Conclusions and Prospects
The delayed actions by the Iranian authorities have deepened the crisis caused by the COVID-19 pandemic. This will exacerbate internal problems and accelerate demographic and social changes in Iran. Despite the collapse of the healthcare system, the regime will likely remain stable until the moment when divisions other than personal ones occur in the elite and an anti-system opposition arises. The destabilisation of the regime is, therefore, more likely only in the event of Khamenei’s sudden death and some disruption in the succession.

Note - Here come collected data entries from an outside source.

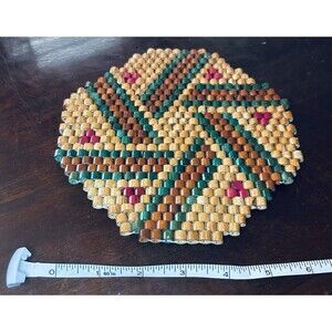 This vintage folk art wood retro hot pad trivet is a handmade custom piece featuring intricate wooden beads as a decorative accent. With a retro style and art theme, this trivet is both functional and aesthetically pleasing. Made from wood in the United States, this unique and one-of-a-kind kitchen tool adds a touch of vintage charm to any home. Perfect for adding a pop of color and character to your kitchen decor, this handmade trivet is a must-have for collectors and those who appreciate artisanal craftsmanship.
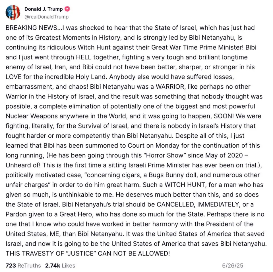 Trump, sosyal medya paylaşımında Netanyahu’yu hedef aldı: “ABD İsrail’i kurtardı, şimdi de Bibi’yi kurtaracak.” Tepki çeken sözler gündeme oturdu.
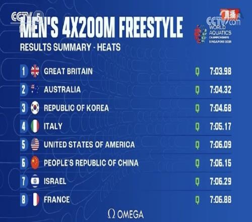 世锦赛男子4x200米自由泳接力预赛:中国队第六晋级决赛
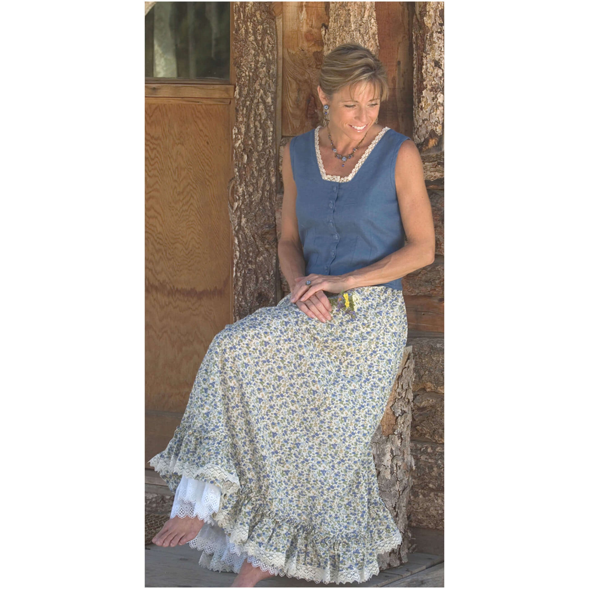 This one ruffle Low Step'n Swisher Skirt is made of 100%cotton rippled gauze. The fabric design features feminine blue flowing flowers on a cream background that blends perfectly with the Denim Corser Cover as shown. The bottom ruffle is trimmed in Ecru cotton lace, which also matches the lace in the camisole. This skirt features two inseam side pockets, eight gores for fullness, substantial waistband that's flat in the front and heavily gathered by elastic in the back for that sweep of bustle fullness.
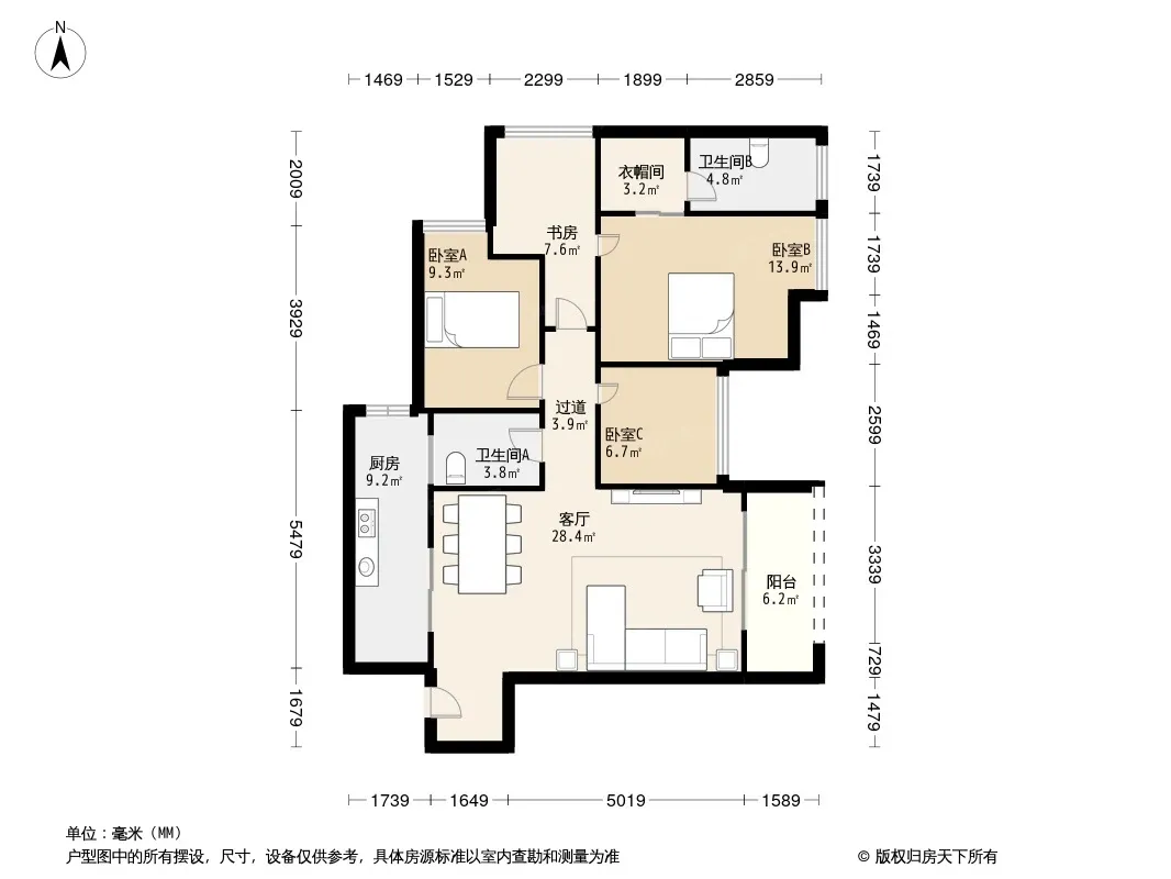 户型齐全,主打户型方正,明卫,明厨,主卧朝南三居
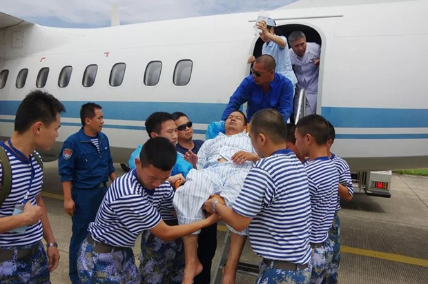 經過幾天的對症治療,病人病情已基本穩定。鑑於島上醫療條件有限,為防止病人再次出血危及生命,醫生建議轉院,施工單位隨後向部隊申請飛機緊急救援後送治療。
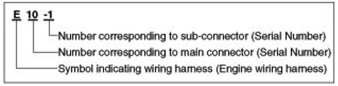 A Connector identification symbol consists of a wiring harness location classification symbol corresponding to a wiring harness location and number corresponding to the connector.
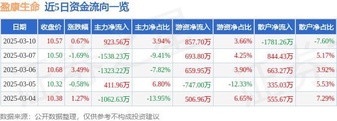 股票行情快报:盈康生命(300143)3月10日主力资金净买入923.56万元
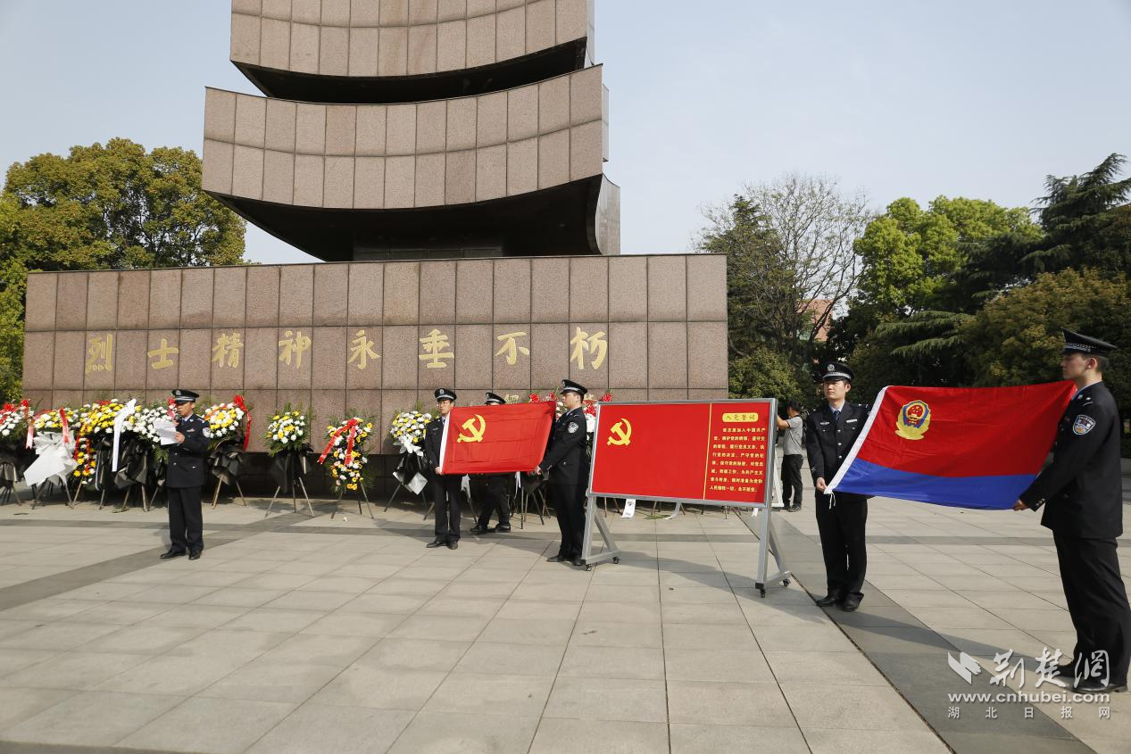 “我志愿加入中国共产党,拥护党的纲领......”面对党旗和警旗,全体党员民警重温入党誓词,铮铮誓言在陵园回响,彰显着不忘初心、牢记使命的坚定信念。

The main challenge for Europe is the potential escalation of tensions between Iran and the United States. Such escalation may result from attempts by the regime to consolidate Iranian political sentiment based on a U.S. threat. It cannot be excluded that the U.S. might attempt to exploit problems of the Iranian regime. There is little chance for nuclear compromise between the U.S. and Iran without recalculation of the interests of both states. Increased EU aid to Iran should be implemented in material form (medicine and medical equipment) to ensure that this will reach victims of the pandemic. Aid launched by the EU through its special mechanism (INSTEX) should be conditional on previous European positions regarding Iran’s respect for human rights obligations, restrictions on its nuclear programme, and a less aggressive regional policy.